■ **Your assignment**: Reproduce every record below exactly, with the pictures left out.
----------------------------------------
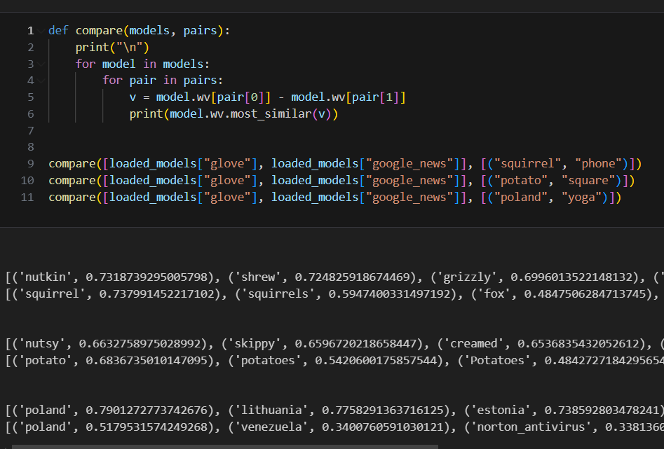 The output of the first compare , finding the most similar words between the word “squirrel” and “phone” produced different words in both the glove and google_news models. The glove model must have interference between the words “phone” and “squirrel” as it produces distinct words (e.g. “nutkin”, “shrew”). However these words seemed not to affect each other much in the google_news model as the most similar word to “squirrel” - “phone” is “squirrel”, with a lower similarity of 0.74. This could be because the “phone” vector has a low magnitude, or the two words do not interfere much. It also is likely to do with the sparsity of the embedding models. glove is only a 50 dimension model, while google_news has 300 dimensions.
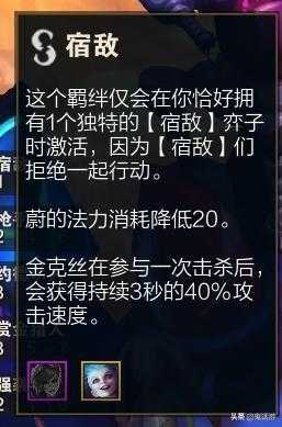 宿敌。金克斯和蔚经过s6赛季的战斗之后,她们之间的姐妹情谊产生了破碎,昔日还是作为姐妹相伴登场的,如今却是作为宿敌再次登场,蔚获得的羁绊加成效果是法力值消耗降低二十点,蔚就可以在战斗中更加频繁的释放技能了,金克斯获得的羁绊加成效果是在参与一次击杀之后,她将会获得一个可以持续三秒钟时间的攻击速度加成,可以增加她百分之四十的攻击速度,比较类似于正常模式中的被动效果,可以增加对于残局的收割能力。
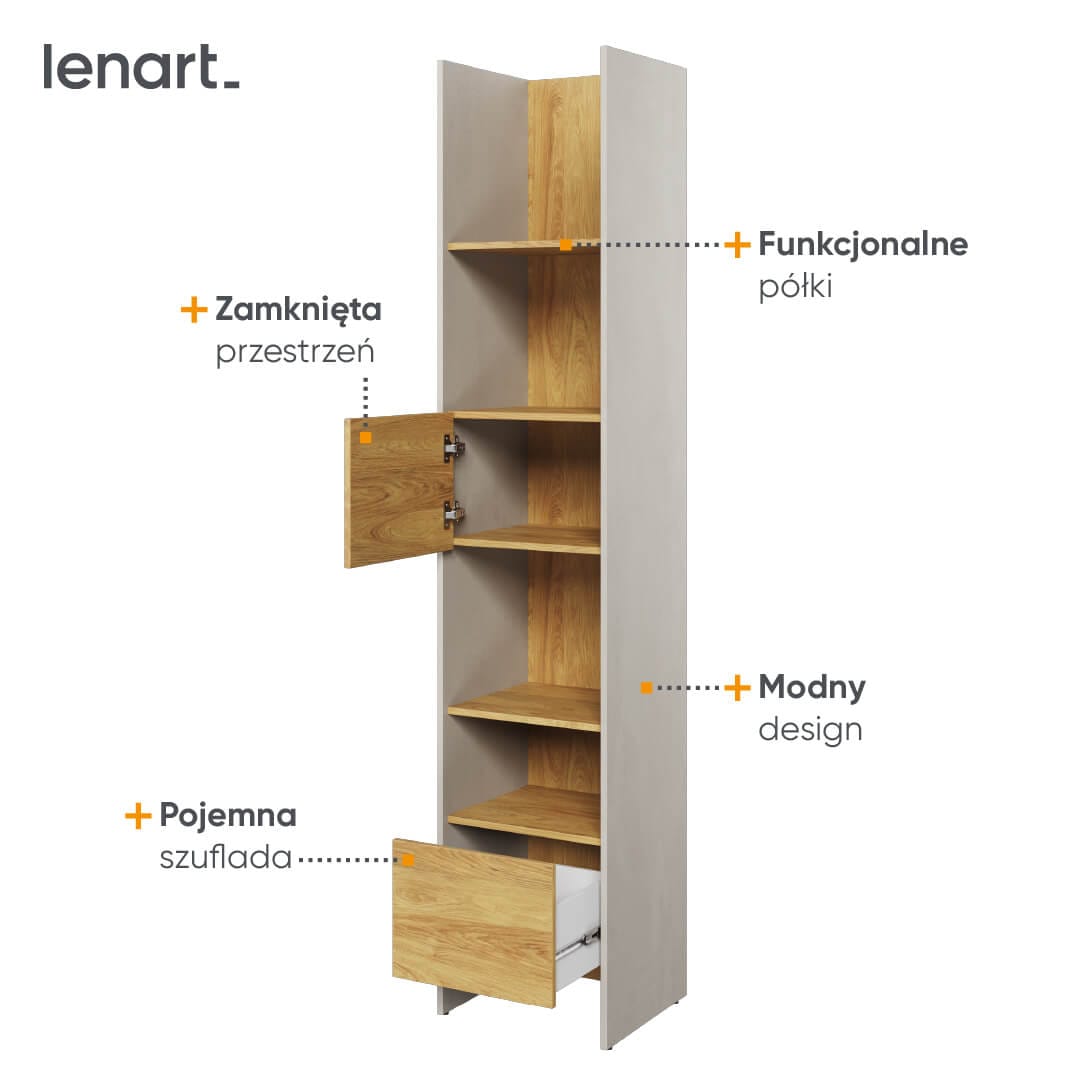 Regały to świetny sposób na przechowywanie książek i innych drobiazgów w pokoju dziecka. Ułatwiają utrzymywanie porządku, a także w ciekawy sposób eksponują ulubione dekoracje i pamiątki. Regał z szafką i półkami TF-02 to niezwykle designerska propozycja dla osób, które lubią nieoczywiste połączenia otwartej i zamkniętej przestrzeni. Regał dla nastolatka powinien być nie tylko modny, ale przede wszystkim funkcjonalny. Meble TEEN FLEX zostały zaprojektowane z myślą o pokojach młodzieżowych zarówno dziewczynek, jak i chłopców. Kolekcja wyróżnia się możliwością łączenia brył w różne zestawy i daje szerokie pole manewru w kwestii aranżacji wnętrza.
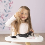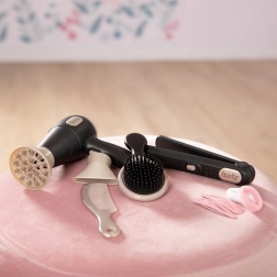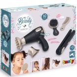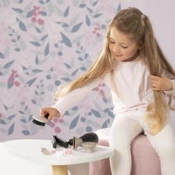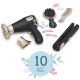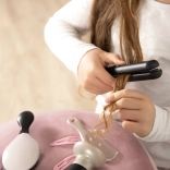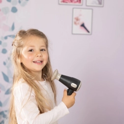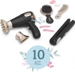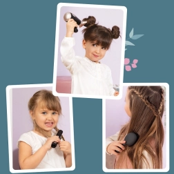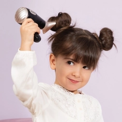 - Wiele zabawnych możliwości – jest tu wszystko, czego potrzebuje początkujący fryzjer: suszarka, wymienne nasadki do suszarki, prostownica, szczotka, grzebień, spinki i gumki do włosów.
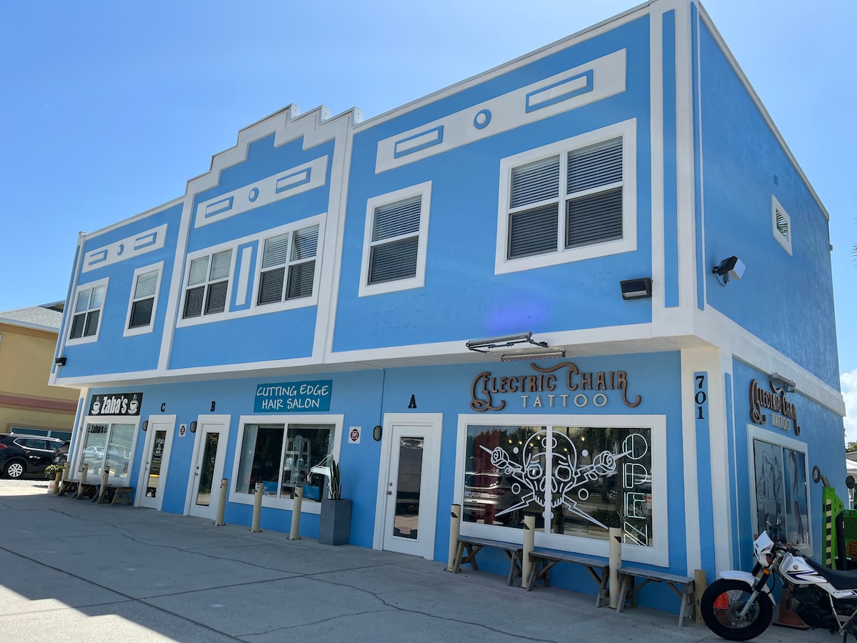 Přidej moji nemovitost do svého wishlistu kliknutím na <3 v pravém horním rohu! *Rezervujte 2 noci, získejte 3. noc 30% slevu!* >100 kroků na pláž! >Soukromá terasa v patře pro lenošení + výhled na oceán! >Pes přátelský k poplatku za domácí mazlíčky (pouze jeden pes) >Kompletně vylepšený interiér >Kávovar na překapávanou kávu >Pohodlná manželská postel >Murphy Bed může být uzavřena, aby se uvolnil prostor navíc >Jídelna >Kompaktní pračka/sušička >Chytrá televize + Wifi > Pouze Netflix + Hulu >Plážová křesla + plážové osušky pro dva
----------------------------------------
■ **Written solution**:
 The output of the first compare , finding the most similar words between the word “squirrel” and “phone” produced different words in both the glove and google_news models. The glove model must have interference between the words “phone” and “squirrel” as it produces distinct words (e.g. “nutkin”, “shrew”). However these words seemed not to affect each other much in the google_news model as the most similar word to “squirrel” - “phone” is “squirrel”, with a lower similarity of 0.74. This could be because the “phone” vector has a low magnitude, or the two words do not interfere much. It also is likely to do with the sparsity of the embedding models. glove is only a 50 dimension model, while google_news has 300 dimensions.
 宿敌。金克斯和蔚经过s6赛季的战斗之后,她们之间的姐妹情谊产生了破碎,昔日还是作为姐妹相伴登场的,如今却是作为宿敌再次登场,蔚获得的羁绊加成效果是法力值消耗降低二十点,蔚就可以在战斗中更加频繁的释放技能了,金克斯获得的羁绊加成效果是在参与一次击杀之后,她将会获得一个可以持续三秒钟时间的攻击速度加成,可以增加她百分之四十的攻击速度,比较类似于正常模式中的被动效果,可以增加对于残局的收割能力。
 Regały to świetny sposób na przechowywanie książek i innych drobiazgów w pokoju dziecka. Ułatwiają utrzymywanie porządku, a także w ciekawy sposób eksponują ulubione dekoracje i pamiątki. Regał z szafką i półkami TF-02 to niezwykle designerska propozycja dla osób, które lubią nieoczywiste połączenia otwartej i zamkniętej przestrzeni. Regał dla nastolatka powinien być nie tylko modny, ale przede wszystkim funkcjonalny. Meble TEEN FLEX zostały zaprojektowane z myślą o pokojach młodzieżowych zarówno dziewczynek, jak i chłopców. Kolekcja wyróżnia się możliwością łączenia brył w różne zestawy i daje szerokie pole manewru w kwestii aranżacji wnętrza.
 - Wiele zabawnych możliwości – jest tu wszystko, czego potrzebuje początkujący fryzjer: suszarka, wymienne nasadki do suszarki, prostownica, szczotka, grzebień, spinki i gumki do włosów.
 Přidej moji nemovitost do svého wishlistu kliknutím na <3 v pravém horním rohu! *Rezervujte 2 noci, získejte 3. noc 30% slevu!* >100 kroků na pláž! >Soukromá terasa v patře pro lenošení + výhled na oceán! >Pes přátelský k poplatku za domácí mazlíčky (pouze jeden pes) >Kompletně vylepšený interiér >Kávovar na překapávanou kávu >Pohodlná manželská postel >Murphy Bed může být uzavřena, aby se uvolnil prostor navíc >Jídelna >Kompaktní pračka/sušička >Chytrá televize + Wifi > Pouze Netflix + Hulu >Plážová křesla + plážové osušky pro dva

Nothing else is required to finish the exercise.